LLM — Hosted or Network-Provided

No local hardware needed. Skipper uses OpenAI-compatible chat and embedding endpoints, so hosted SaaS, Blueclaw, Livepeer-network inference, or a BYOC model container can all fit the same configuration shape when they expose compatible APIs.

For Livepeer-network deployments, check the current Livepeer AI docs and ask in the Livepeer Discord before planning around a custom model or BYOC container.
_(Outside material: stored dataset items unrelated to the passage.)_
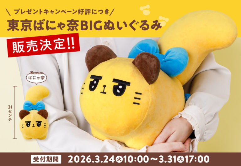 株式会社グレープストーン(本社:東京都中央区銀座)が展開する「東京ばな奈ワールド」 とCHOCOLATE Inc.が共同開発した新クラフトクッキーブランド「東京ばにゃ奈クッキーズ」は、2026年3月24日(火)より公式オンラインショップ「パクとモグ」にて『東京ばにゃ奈 BIGぬいぐるみ ばにゃ奈』を販売いたします。
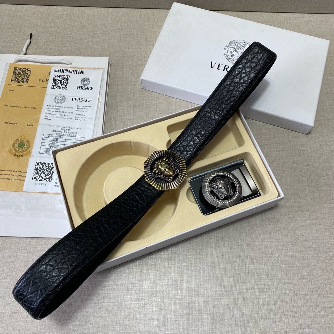 Home Belt VERSACE Belt Versace Classic Double Button Round Buckle Belt Gift Box Set, High end Fashion, Noble and Elegant
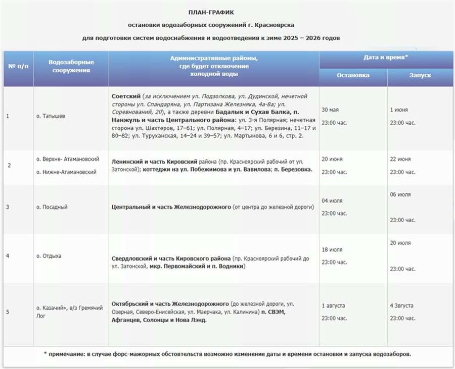 в «КрасКоме» отметили, что в случае форс-мажорных обстоятельств возможно изменение даты и времени остановки и запуска водозаборов.
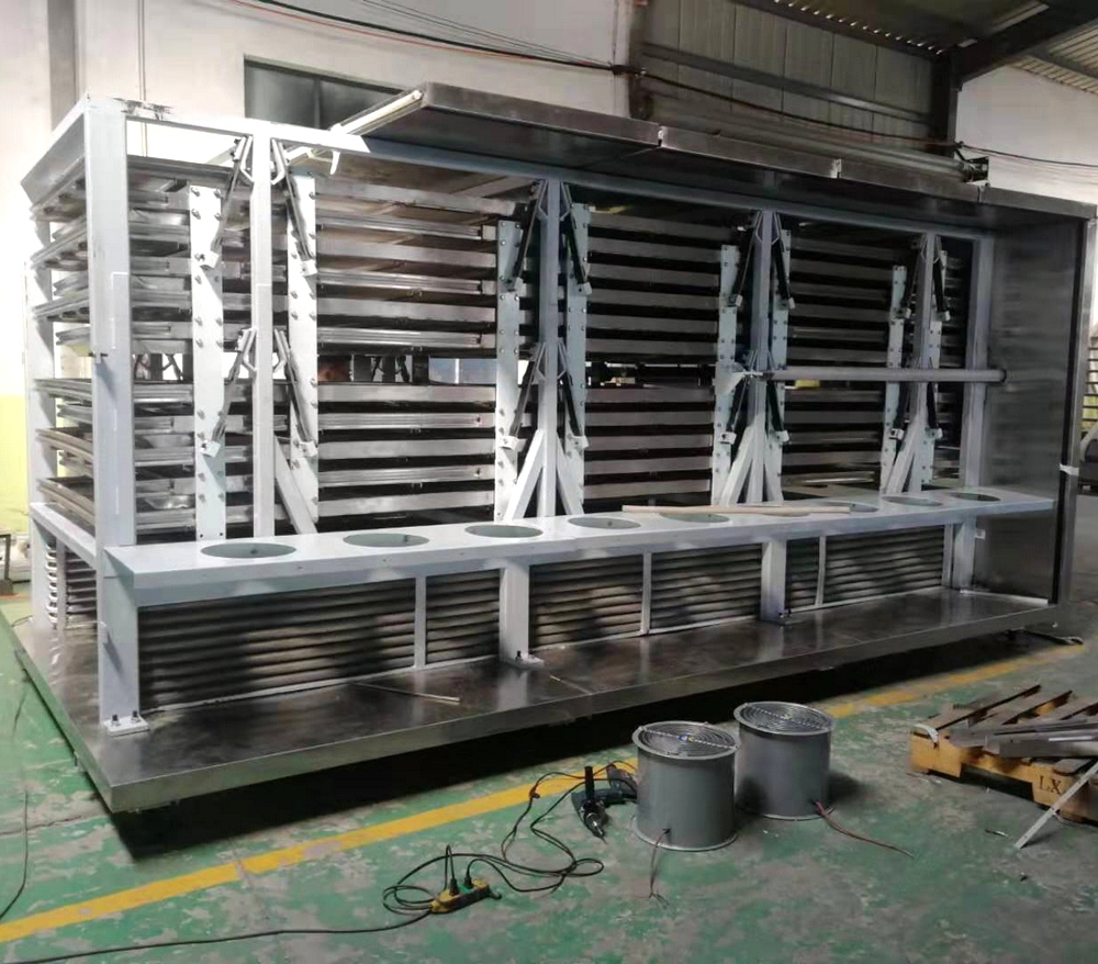 干燥時物料從設(shè)備頂部的加料口進(jìn)入,在振動和自身重力的作用下,物料從上層自下層往復(fù)移動,后從底層的出料口排出。熱空氣從底層進(jìn)入,穿過帶孔床層往動,同時與床層上的物料進(jìn)行充分的傳熱和傳質(zhì),后通過頂部的排濕口排出。
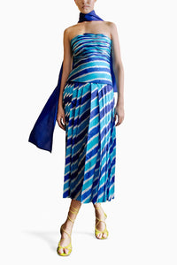 Experience the beauty of Indian Leheriyas silk fabrics with this set. The unique striped patterns are created through a resist dyeing technique, exclusive to the state of Rajasthan in India. The set includes a draped top and pleated midi skirt, making it a staple in any wardrobe.
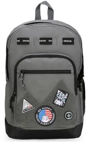 Swissdigital Design Cool Backpack, Stylish School Laptop Backpack with Fun Personalized Patches Fits 16 Inch Notebook, Travel Causal Bag Pefect for Boys & Girls, Grey | BERIKON - Includes 3 Patches
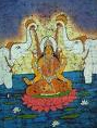 Shodashi, who has the mantra consisting of sixteen letters, has organs glowing like a rising sun. She has four hands and three eyes. She is seated on the lotus, which is placed on the body of Shiva who is lying in a peaceful posture.

Availability changes as model runners and orchestrator support evolve. BYOC is useful when the model you want is not exposed by a managed endpoint yet.

Option	Best For	Notes
Hosted SaaS model API	Fastest path to production	Verify current pricing and data policy directly with the provider.
Blueclaw	OpenAI-compatible gateway for agents	Can reduce vendor lock-in if it has the models you need.
Livepeer-network inference	Keeping inference spend and usage on-network	Good strategic fit when available for your target models.
Livepeer BYOC container	Custom models or runtime control	More operator work, but lets you bring models not exposed by default.

Cost Estimates

Skipper cost depends on:

conversation history included in the prompt
retrieved knowledge chunks and citations
tool-call count and tool result size
whether query rewriting, HyDE, reranking, or web search are enabled
provider pricing, model choice, and whether inference runs locally or on-network

Early planning shape:

Deployment shape	Cost profile	When to choose it
Local Ollama	Hardware and operations, no per-token API bill	Self-hosted clusters with spare GPU capacity.
Blueclaw / Livepeer-network AI	Network/provider pricing, less separate SaaS usage	Agents-first deployments and on-network usage goals.
Budget hosted SaaS model	Usually low at modest chat volume	Fast setup when answer quality requirements are modest.
Higher-quality hosted SaaS model	Can climb quickly with long prompts/tool results	Harder support cases or premium account tiers.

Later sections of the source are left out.